Надо сказать, например, так: «…Шел дождь… сквозь дырявую крышу сеновала на нас капала вода… Где-то рядом мычала корова…».
Нет, не так! Лажа, пошло, безвкусно.
Давай-ка, по другому: «На ней еще были такие белые гольфы с помпончиками… и голубая пижамка в розовых мишках, а в волосах серебряная заколка в виде стрекозы… она называла меня «майн гроссе руссиш партизанен»…».
Вот, уже получше. Тоже не фонтанарий, но определенно лучше. И шансы на победу уже вполне реальные. Придумывай, фантазируй, твори! И не экономь на подробностях, мой друг. Это окупается.
Я поддал скупой мужской слезы:
– И это, Ген, слышь, чего скажу…
Гена слушал, затаив дыхание. Он даже привстал с бордюрчика, на котором мы сидели, и жадно ловил каждое слово. Так и слушал дальше на полусогнутых.
– Щечки у нее, знаешь, в снегу, холодные. А остальная вся такая… Горячая… И трепещет.

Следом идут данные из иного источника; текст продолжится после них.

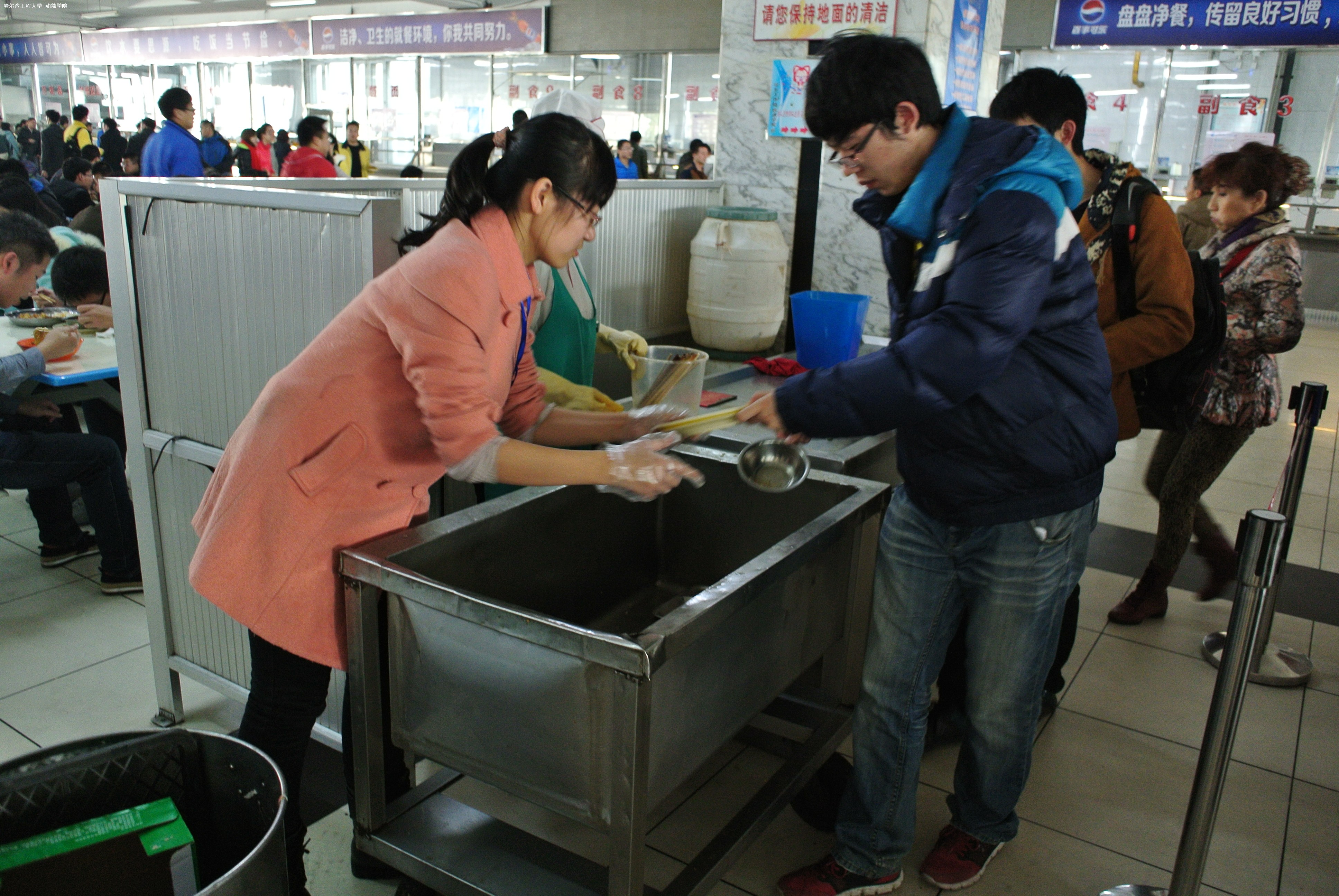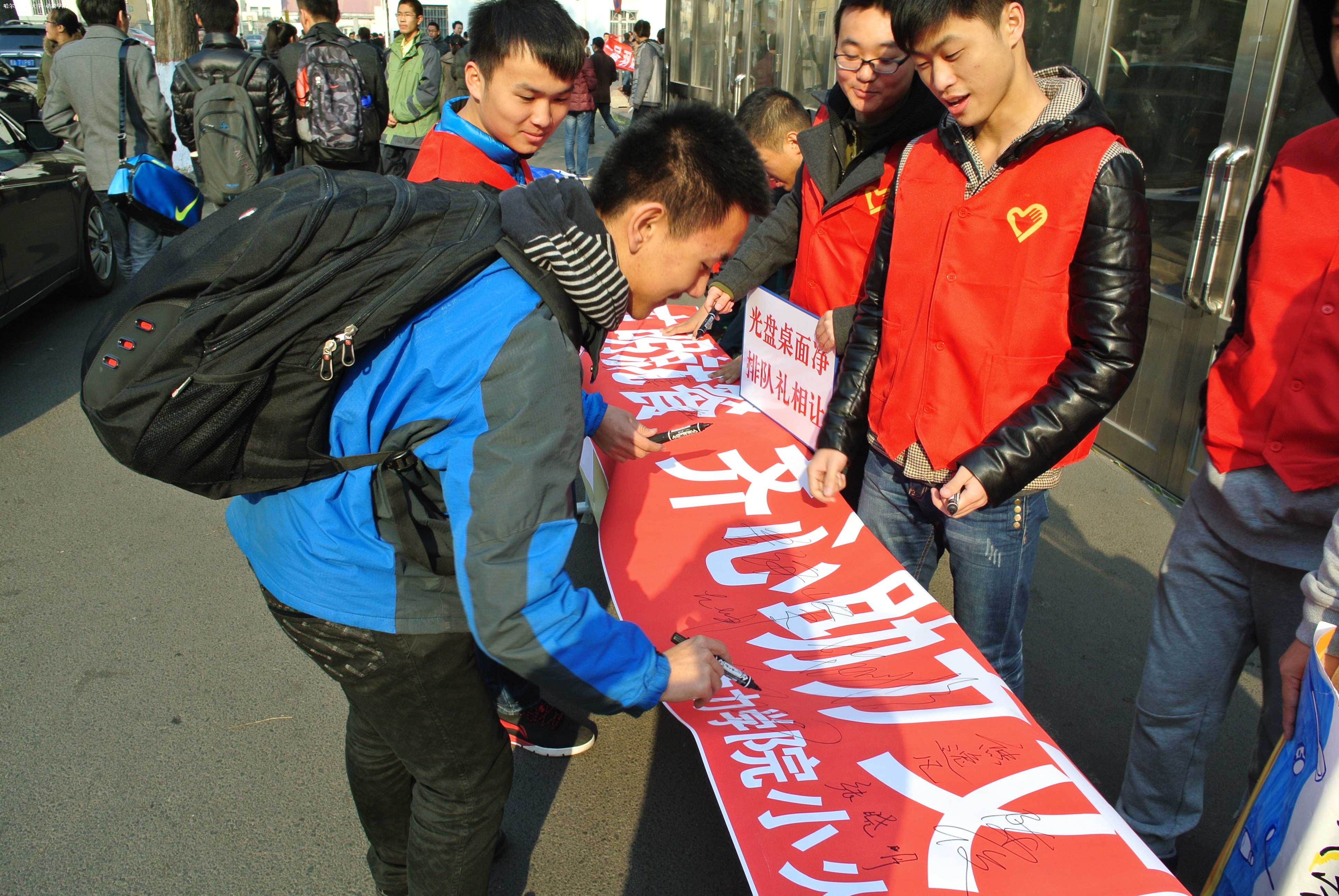 在整个活动中,学院安排人员在大美食堂各楼层进行检查,对排队秩序混乱这类不文明现象予以提示和纠正。同时,同学们还积极协助食堂工作人员清理餐桌上的残留物、整理使用后的餐具等。对食堂就餐环境起到了很好的改善作用。另外,学院还安排一部分人员在大美食堂门口进行文明就餐的宣传活动,通过张贴宣传海报、在印有“文明就餐公约”的宣传条幅上签名的形式,吸引了前往就餐的同学们的积极参与,起到了很好的宣传推广效果。

Гендос истекал слюной как пожарный гидрант. Я опять этак мечтательно замолчал, давая ему время переварить все эти сенсационные сведения. Гене, ясный перец, было безумно интересно узнать подробности моего камчатского романа со знаменитой горнолыжницей, и он, не выдержав паузы, бестактно промычал:
– Ну?! А что дальше-то?
С явным неудовольствием вернувшись из своих замечательных воспоминаний в удручающе безобразную действительность, я залпом допил остывший кофе и коротко отрезал:
– Что-что… Дальше на сборах в Швейцарии упал в отеле с лестницы и сломал обе ноги. Восемь месяцев в гипсе, ну и, конечно, о спорте пришлось забыть.
Гена даже охнул как-то от этих слов:
– Как же так, Фил!
– Пьяный был. Распереживался дурак, что Варька тогда с Аликом спуталась.
– С Аликом?
Я презрительно сплюнул:
– Ну с этим, блять… С Альбертой Томбой.
У Гены рот уже не закрывался.
Я тем временем соображал, каким собственно боком вся эта романтическая история относится к моему предстоящему туру в Австрию. Гена-то он, конечно Гена, но и тот скумекает, что дело отчаянно нечисто. Получали мы крайне небольшие деньги, к тому же ве-е-есьма нерегулярно. Какие тут к едрене фене Альпы, когда на бутылку паршивой «Мордовской» всей сменой по рублику еле-еле набираем!
Может загнуть, мол, вспомнила старая любовь про своего Филиппка, да и пригласила прокатиться по памятным местам юности? Пожалуй, слишком. Тогда что? Друзья по сборной, вот что! Естественная жалость людей к погибшему таланту – хорошая причина для каких угодно чудес.
Но, знаете, что самое удивительное? Никаких объяснений вовсе не потребовалось. Гена и не подумал усомниться в достоверности этой истории. Хотя, если честно говорить… Да одного взгляда на меня достаточно для того, чтобы весело рассмеяться прямо в лицо любому толкующему про то, что будто бы я разрядный спортсмен! Если только, конечно, заранее уговориться шашки и подкидного за спорт не считать.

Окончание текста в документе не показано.